Kconglomerate, middle class, poor family always arranged or business  marriages, no love. Love doesn't put food on the table, one KD mom said.

" South Korean “love” is basically non-existent/robotic is an overgeneralization."  Not at all,  there is no HEA . You are mistaking HEA with mental sickness the unfortunate events are so strong that it resulted in a  tragedy  "  Oh Sang-hee was not incredibly courageous She wrote a romance between the FL and her enemy’s son that was so toxic and painful that it led to a suicide pact." Most  KD  are  CENTURIES  of  TRAGEDIES  not DRAMA'S. That's the easy way out cuz there is no psychological support from  NOBODY = CEHESP.

 " Directors deliberately filming "disgusting" kiss scenes out of envy or jealousy, or intentionally pairing mismatched partners to sabotage chemistry, I am not going to engage with that line of argument because it has no bearing on what I was actually discussing, which is the structural and emotional writing choices in the script itself."  Not engaging, that's the coward in you and the  COWARD directors who refused to take the initiative to make a change, educate, the Kaudience and the next generation that life  is not a tragedy.  Some of Kdirectors are living a tragic loveless  lives themselves and anger, envy, jealousy manifested openly to see what they wanted for themselves they can't have it, it's too late, they can't bear to see, to watch something so beautiful on screen can't help but destroy it.  If I can't have that chemistry too in my life, no one can.  What the viewers get?  The nauseous kiss, the zoom in, up closed.

Few good Kdirectors cared enough to charge that CEHESP one KD at a time.
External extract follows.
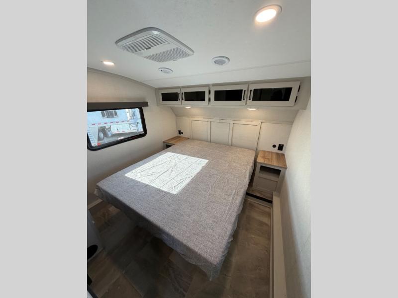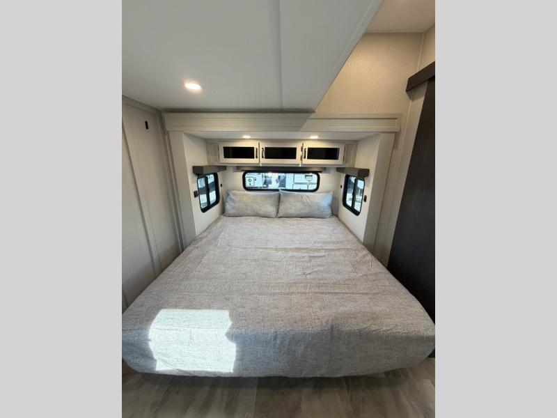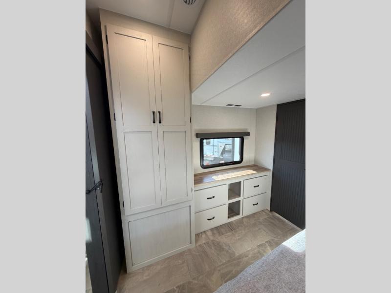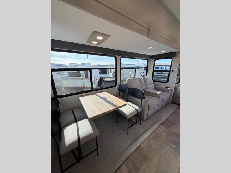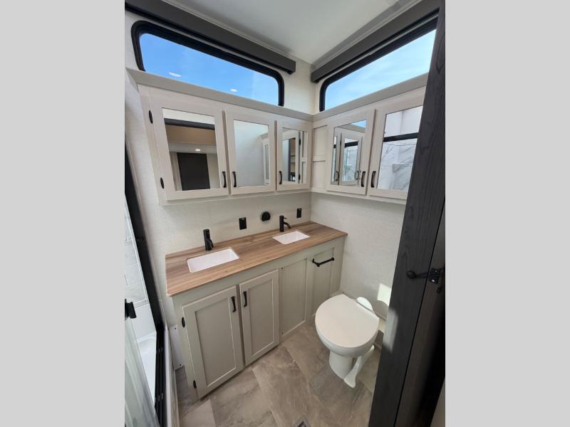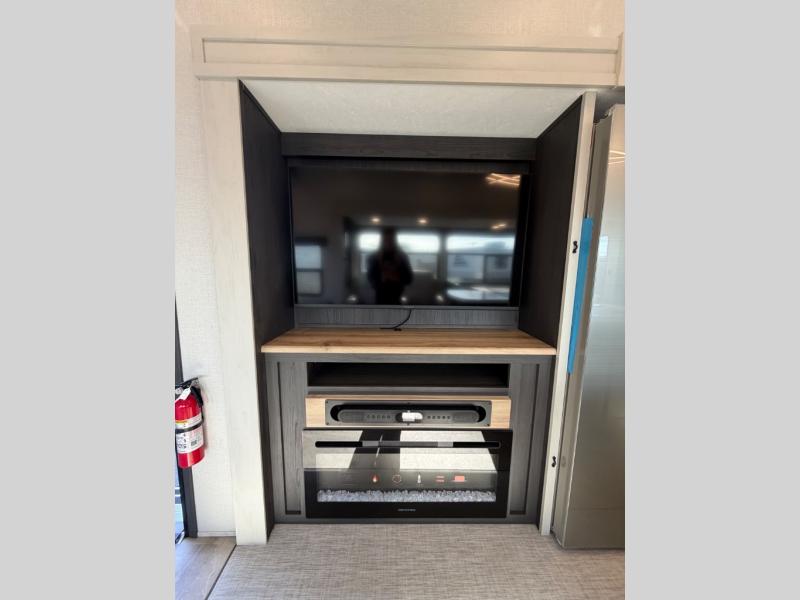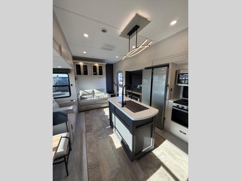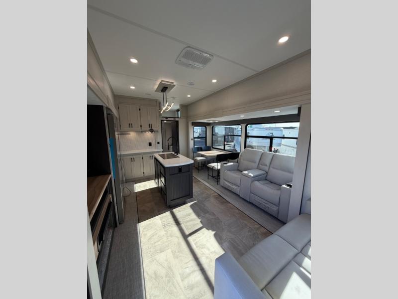 One look at this fifth wheel and you'll be sold! There are an impressive two master suites; one up front with a queen bed and full bath, and one towards the back with a king bed slide and second full bath! There are even dual bath sinks in the rear bath for added convenience! The middle living area includes dual opposing slides, a tri-fold sofa, plus theater seating and a free-spanning table for ample seating, dining, and sleeping space. There is also an entertainment center with a 50" 4K Smart LED TV to wash away those rainy day blues. The chef of your crew will have a GE Profile 21" stainless steel oven with a residential cooktop and a GE Profile stainless residential microwave to cook meals each day, a kitchen island for more counter space, and a 16 cu. ft. side-by-side 12V refrigerator for food storage.

Hoping that ' Pearl In Red ' does just that Kim Kyung Bo / Park Min Jun/Dan Hui will say NO to his parents, no to this loveless, empty shell, arranged marriage and receive  mental and physical support  from his mother. No slapping, no taking his name out of the family registry etc.

I don't think we can blame the "empty eggshell" life of the characters on Korean social norms alone. I DO. " My critique isn't a rejection of the culture; it's a disappointment that a great writer chose to follow the "safe" path instead of the "truthful" one. "  You said and  WROTE  it yourself in denial. 

Please go check  my comments on ' Weak Hero Class 2 *  A shoulder  To Cry On *  His Man Season 4 *  Peach Trap * A Graceful Liar *   All of my comments for better  insights.

The Executive Directors ( not all ) do not like the greatest, skilled, talented, actors and actresses who do not give a F* about  CEHESP  either but,  due to jealousy  viewers see them on one or two  KD.  He and she are being praised by  the international audience.  Boom! No more work for them.  Kdirectors hired   ' CAN'T ACT '  actors and  actresses reward them as " Best actors and  actresses " for their mediocre acting.  Don't any one dare comments  about their Sh!ty act and  netiznes' come for you like communist Army for mediocre singing  of bts.

 Sometimes  is good to do a little research.

 fjdig:
She wrote a mother (Carrie) who kidnapped a child(Yu-jin, the FL) to turn her into a revenge tool. She wrote a romance between the FL and her enemy’s son that was so toxic and painful that it led to a suicide pact. That drama didn't care about being "safe" or "comfortable." It explored the darkest corners of human obsession and love.


Carrie was technically the FL/protagonist, but yes. I agree.